## Dataset extract
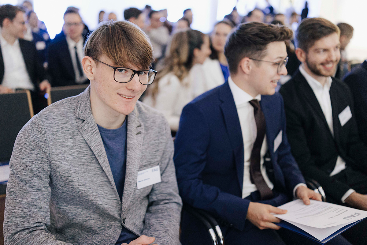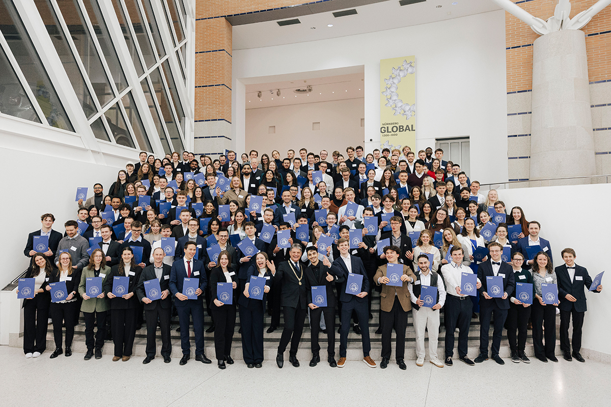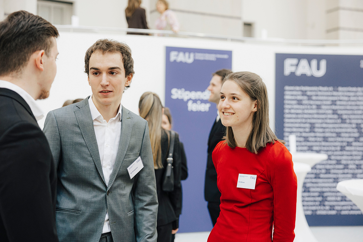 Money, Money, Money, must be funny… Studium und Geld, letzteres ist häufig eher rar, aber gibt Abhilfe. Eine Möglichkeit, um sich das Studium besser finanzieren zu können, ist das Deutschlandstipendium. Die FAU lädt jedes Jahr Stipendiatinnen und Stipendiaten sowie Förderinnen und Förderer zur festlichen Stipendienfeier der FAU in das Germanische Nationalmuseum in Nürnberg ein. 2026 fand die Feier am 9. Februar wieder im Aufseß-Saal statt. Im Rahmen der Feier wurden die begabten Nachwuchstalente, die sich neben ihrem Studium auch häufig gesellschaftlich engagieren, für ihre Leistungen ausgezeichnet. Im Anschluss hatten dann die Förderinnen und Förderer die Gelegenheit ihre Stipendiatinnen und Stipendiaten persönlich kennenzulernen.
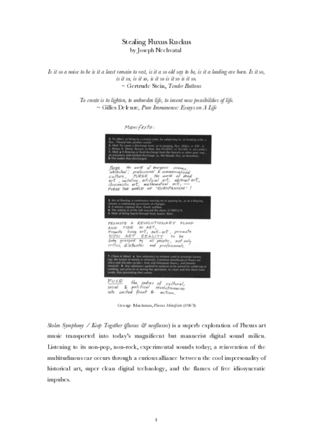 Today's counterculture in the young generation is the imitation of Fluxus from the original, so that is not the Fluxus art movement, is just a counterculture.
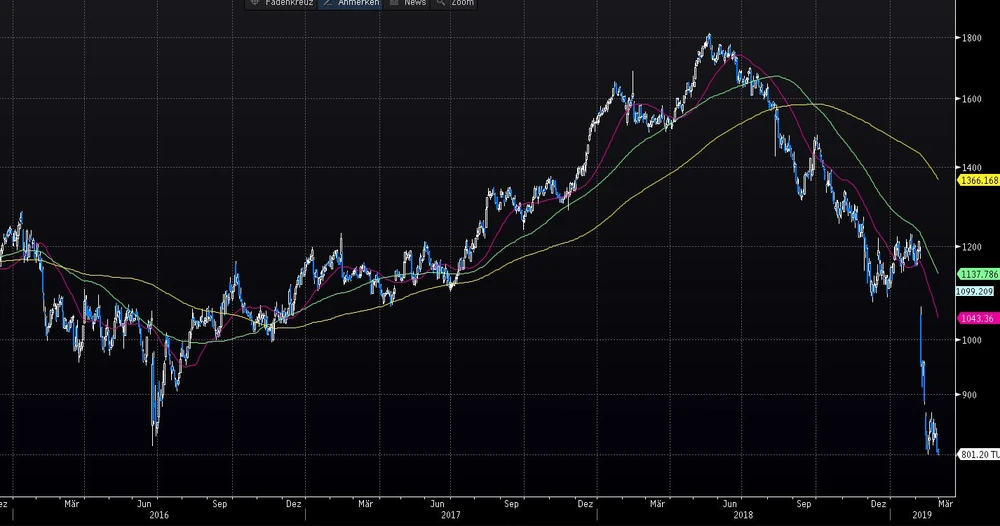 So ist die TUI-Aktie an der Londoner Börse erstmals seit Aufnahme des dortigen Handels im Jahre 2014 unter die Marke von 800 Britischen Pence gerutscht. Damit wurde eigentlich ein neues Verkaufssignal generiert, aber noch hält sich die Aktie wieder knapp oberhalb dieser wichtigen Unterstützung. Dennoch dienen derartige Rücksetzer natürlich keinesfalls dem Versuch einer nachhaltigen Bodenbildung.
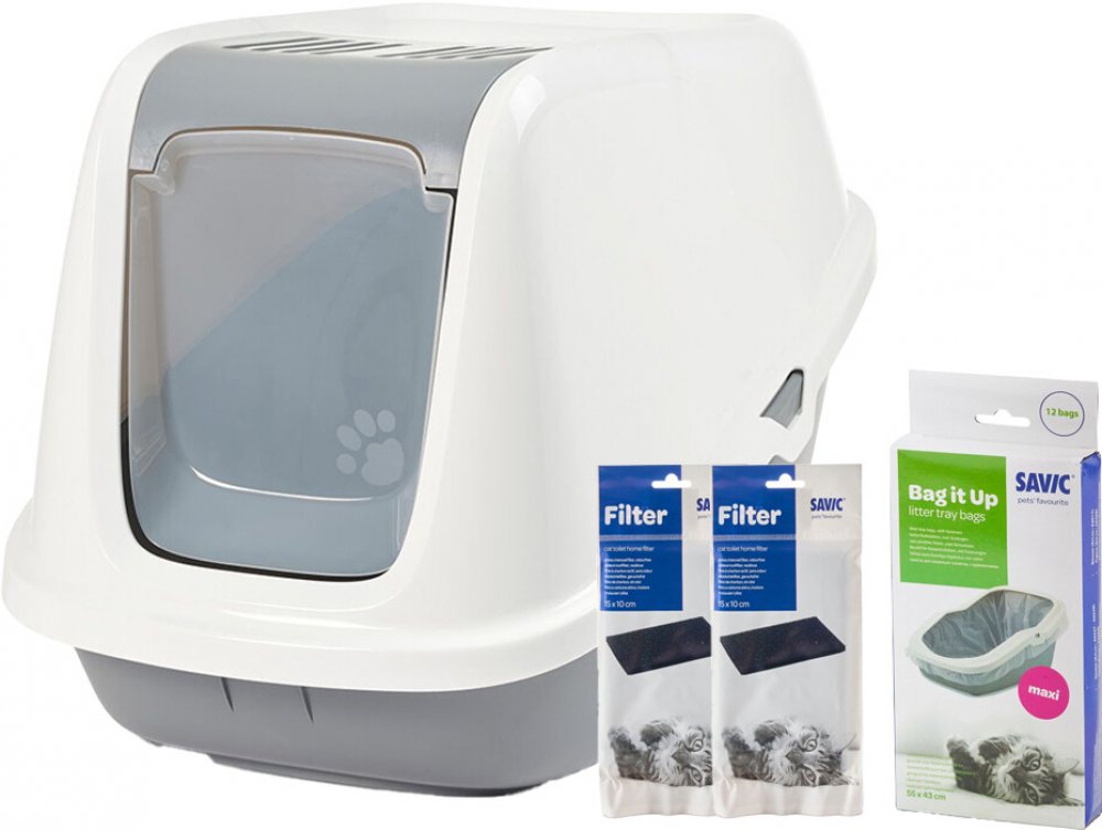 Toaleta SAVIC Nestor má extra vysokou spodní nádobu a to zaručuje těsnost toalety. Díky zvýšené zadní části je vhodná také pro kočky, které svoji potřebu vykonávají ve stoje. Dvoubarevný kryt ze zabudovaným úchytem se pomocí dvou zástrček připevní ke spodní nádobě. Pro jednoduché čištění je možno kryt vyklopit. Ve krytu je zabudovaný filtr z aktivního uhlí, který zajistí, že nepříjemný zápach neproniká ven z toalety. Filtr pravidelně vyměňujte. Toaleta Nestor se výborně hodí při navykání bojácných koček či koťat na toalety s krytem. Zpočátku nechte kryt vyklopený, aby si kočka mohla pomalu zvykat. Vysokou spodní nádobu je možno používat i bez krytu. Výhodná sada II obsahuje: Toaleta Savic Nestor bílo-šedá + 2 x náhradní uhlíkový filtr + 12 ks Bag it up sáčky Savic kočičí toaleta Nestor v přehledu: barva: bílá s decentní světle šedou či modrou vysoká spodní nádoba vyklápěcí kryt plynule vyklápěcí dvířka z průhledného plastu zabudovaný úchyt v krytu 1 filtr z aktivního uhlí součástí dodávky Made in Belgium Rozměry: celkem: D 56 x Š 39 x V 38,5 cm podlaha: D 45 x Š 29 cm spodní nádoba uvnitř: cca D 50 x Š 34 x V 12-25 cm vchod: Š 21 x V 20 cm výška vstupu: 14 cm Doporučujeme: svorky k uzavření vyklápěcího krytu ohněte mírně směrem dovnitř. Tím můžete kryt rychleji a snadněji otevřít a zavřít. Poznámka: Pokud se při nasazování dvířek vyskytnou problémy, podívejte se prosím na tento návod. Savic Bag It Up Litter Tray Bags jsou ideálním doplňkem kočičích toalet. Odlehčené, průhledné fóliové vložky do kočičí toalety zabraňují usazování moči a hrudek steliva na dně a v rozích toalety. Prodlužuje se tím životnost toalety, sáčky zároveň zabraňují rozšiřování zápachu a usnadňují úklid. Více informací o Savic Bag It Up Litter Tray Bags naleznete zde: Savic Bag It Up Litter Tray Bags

## Assignment
Please transcribe the whole listing above exactly, with the images left out.

## Output
 Money, Money, Money, must be funny… Studium und Geld, letzteres ist häufig eher rar, aber gibt Abhilfe. Eine Möglichkeit, um sich das Studium besser finanzieren zu können, ist das Deutschlandstipendium. Die FAU lädt jedes Jahr Stipendiatinnen und Stipendiaten sowie Förderinnen und Förderer zur festlichen Stipendienfeier der FAU in das Germanische Nationalmuseum in Nürnberg ein. 2026 fand die Feier am 9. Februar wieder im Aufseß-Saal statt. Im Rahmen der Feier wurden die begabten Nachwuchstalente, die sich neben ihrem Studium auch häufig gesellschaftlich engagieren, für ihre Leistungen ausgezeichnet. Im Anschluss hatten dann die Förderinnen und Förderer die Gelegenheit ihre Stipendiatinnen und Stipendiaten persönlich kennenzulernen.
 Today's counterculture in the young generation is the imitation of Fluxus from the original, so that is not the Fluxus art movement, is just a counterculture.
 So ist die TUI-Aktie an der Londoner Börse erstmals seit Aufnahme des dortigen Handels im Jahre 2014 unter die Marke von 800 Britischen Pence gerutscht. Damit wurde eigentlich ein neues Verkaufssignal generiert, aber noch hält sich die Aktie wieder knapp oberhalb dieser wichtigen Unterstützung. Dennoch dienen derartige Rücksetzer natürlich keinesfalls dem Versuch einer nachhaltigen Bodenbildung.
 Toaleta SAVIC Nestor má extra vysokou spodní nádobu a to zaručuje těsnost toalety. Díky zvýšené zadní části je vhodná také pro kočky, které svoji potřebu vykonávají ve stoje. Dvoubarevný kryt ze zabudovaným úchytem se pomocí dvou zástrček připevní ke spodní nádobě. Pro jednoduché čištění je možno kryt vyklopit. Ve krytu je zabudovaný filtr z aktivního uhlí, který zajistí, že nepříjemný zápach neproniká ven z toalety. Filtr pravidelně vyměňujte. Toaleta Nestor se výborně hodí při navykání bojácných koček či koťat na toalety s krytem. Zpočátku nechte kryt vyklopený, aby si kočka mohla pomalu zvykat. Vysokou spodní nádobu je možno používat i bez krytu. Výhodná sada II obsahuje: Toaleta Savic Nestor bílo-šedá + 2 x náhradní uhlíkový filtr + 12 ks Bag it up sáčky Savic kočičí toaleta Nestor v přehledu: barva: bílá s decentní světle šedou či modrou vysoká spodní nádoba vyklápěcí kryt plynule vyklápěcí dvířka z průhledného plastu zabudovaný úchyt v krytu 1 filtr z aktivního uhlí součástí dodávky Made in Belgium Rozměry: celkem: D 56 x Š 39 x V 38,5 cm podlaha: D 45 x Š 29 cm spodní nádoba uvnitř: cca D 50 x Š 34 x V 12-25 cm vchod: Š 21 x V 20 cm výška vstupu: 14 cm Doporučujeme: svorky k uzavření vyklápěcího krytu ohněte mírně směrem dovnitř. Tím můžete kryt rychleji a snadněji otevřít a zavřít. Poznámka: Pokud se při nasazování dvířek vyskytnou problémy, podívejte se prosím na tento návod. Savic Bag It Up Litter Tray Bags jsou ideálním doplňkem kočičích toalet. Odlehčené, průhledné fóliové vložky do kočičí toalety zabraňují usazování moči a hrudek steliva na dně a v rozích toalety. Prodlužuje se tím životnost toalety, sáčky zároveň zabraňují rozšiřování zápachu a usnadňují úklid. Více informací o Savic Bag It Up Litter Tray Bags naleznete zde: Savic Bag It Up Litter Tray Bags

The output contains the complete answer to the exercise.